Récemment, j’ai pris connaissance d’une initiative institutionnelle mise en place dans le cadre de la toute fraîche idéologie des « mille premiers jours », prolégomène à une conférence mondiale sur la protection de la petite enfance (dont le sous-titre est tout un poème : « Un investissement précoce pour un meilleur apprentissage et un avenir plus brillant »), à savoir « Congrès sur l’influence des neurosciences sur le développement et l’éducation des jeunes enfants » qui a eu lieu en septembre à Marseille. Parmi les questions essentielles à aborder listées par les organisateurs, il y a la manière dont les neurosciences pourraient contribuer à réduire les inégalités sociales. Il y a dans cette formule une naïveté dont je ne comprends pas qu’elle continue d’affliger les éducateurs ; ou est-ce de l’idéologie en soutien du capitalisme qui s’ignore ; ou encore une façon de supporter la violence du système éducatif en se racontant de belles histoires au coin du feu ? La chose qui permettrait à coup sûr de réduire les inégalités sociales, c’est une répartition équitable des richesses produites. Ce n’est pourtant pas compliqué à comprendre…

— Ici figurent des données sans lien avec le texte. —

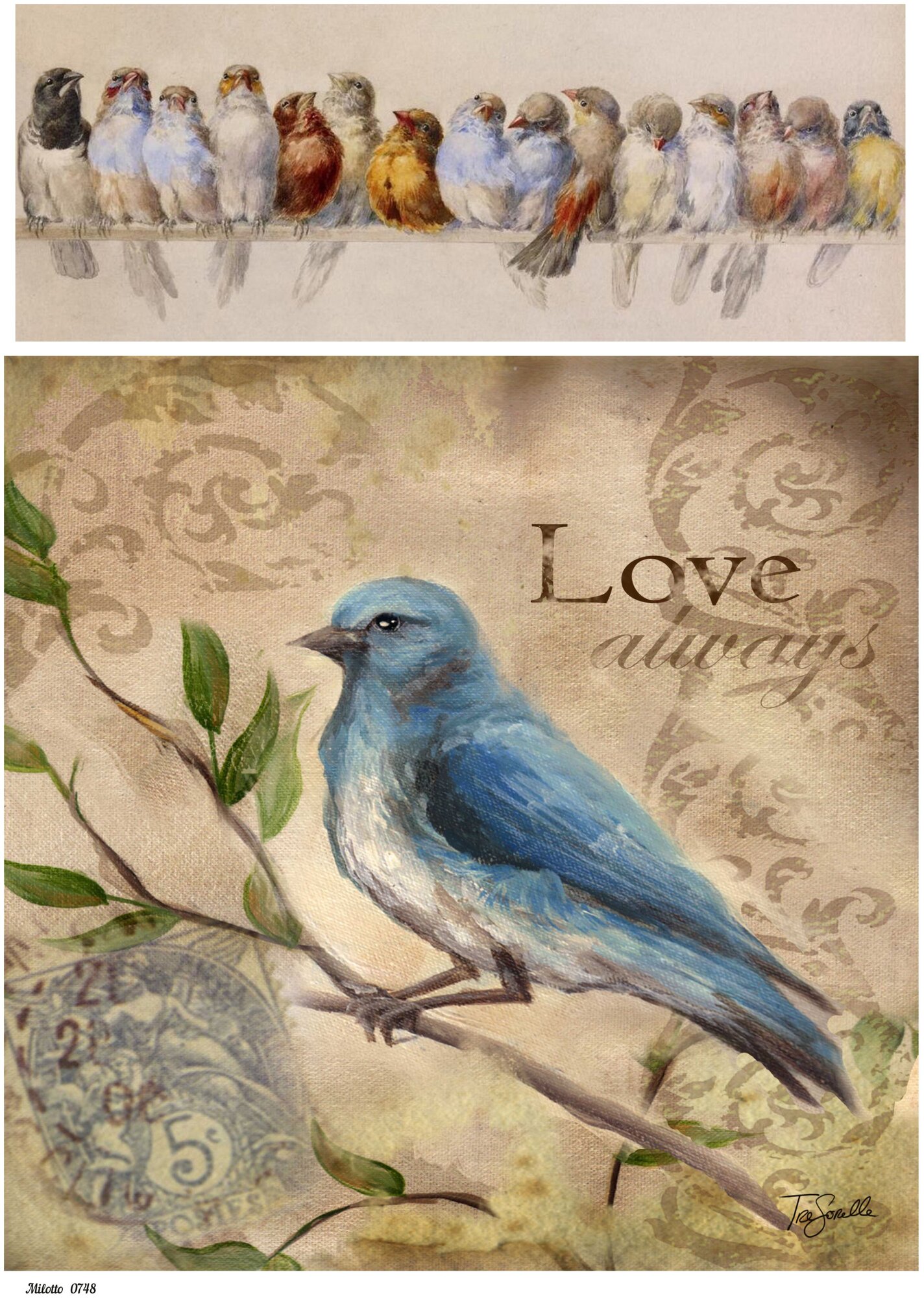 Купить Декупажная рисовая карта А4 ультратонкая бумага салфетка 0748 птицы цветы винтаж крафт Milotto

Pourtant, tout le monde s’affaire, et déborde d’imagination pour cela, à tenter, vainement, de réduire les inégalités sociales autrement qu’en répartissant équitablement les richesses. Certains ont prétendu que l’école ou l’instruction serait la pierre philosophale qui pourrait muer le plomb en or. Sans jamais remettre en question les conditions initiales du problème, et même en y rajoutant une couche ! Car si les enfants des pauvres avaient une chance de renverser l’ordre établi, celle-ci a été dramatiquement compromise par leur enfermement dans les écoles. L’école est sans doute l’endroit où les gens se racontent le plus d’histoires, où ils s’aveuglent méthodiquement à la réalité. Plus la réalité dément leurs histoires, plus ils en imaginent. Nombre de ces histoires sont devenues des mythes fondateurs. Sans jamais questionner le mythe de l’émancipation par l’école, ils se contentent de « refaire la déco » : de la déco Freinet, de la déco Montessori… Et la dernière en date, la déco « neuropédagogie ». Celle-ci est sans doute une des plus aliénantes dans la mesure où elle prétend se fonder sur la Science, discours autoritaire par excellence, tandis que les autres pouvaient n’être qu’affaire d’esthétique et donc de goût. Avec le discours neuroscientifique, voilà les enfants plus englués que jamais dans leur condition d’assujettissement. Il n’y a rien de moins révolutionnaire, de moins émancipateur que la neuropédagogie, les méthodes traditionnelles étant suffisamment grossières pour être démasquées comme nuisibles, et contrées, tandis que s’extirper de la glue neuroscientifique est quasi impossible.

Nous sommes tous pris dans des siècles de sédiments de pensées qui, rarement, visent la transformation de la réalité matérielle, et déploient une incroyable ingéniosité à produire des chimères, dont le but est de nous rendre docile à un réel pourtant non désirable, qu’on essentialise, et de nous y condamner à vie. La neuropédagogie est la couche la plus fraîche de cette sédimentation de notre aliénation. Il est temps de fracturer la roche et de voir en plein jour l’épaisseur et le poids des idées fausses qui nous enferment. Bref, prenons le problème des inégalités à la base et voyons les neurosciences comme la fausse voire mensongère bonne idée qu’elle est.

*Friedrich Nietzsche, Le Crépuscule des idoles qui évoquait les vertus de la musique.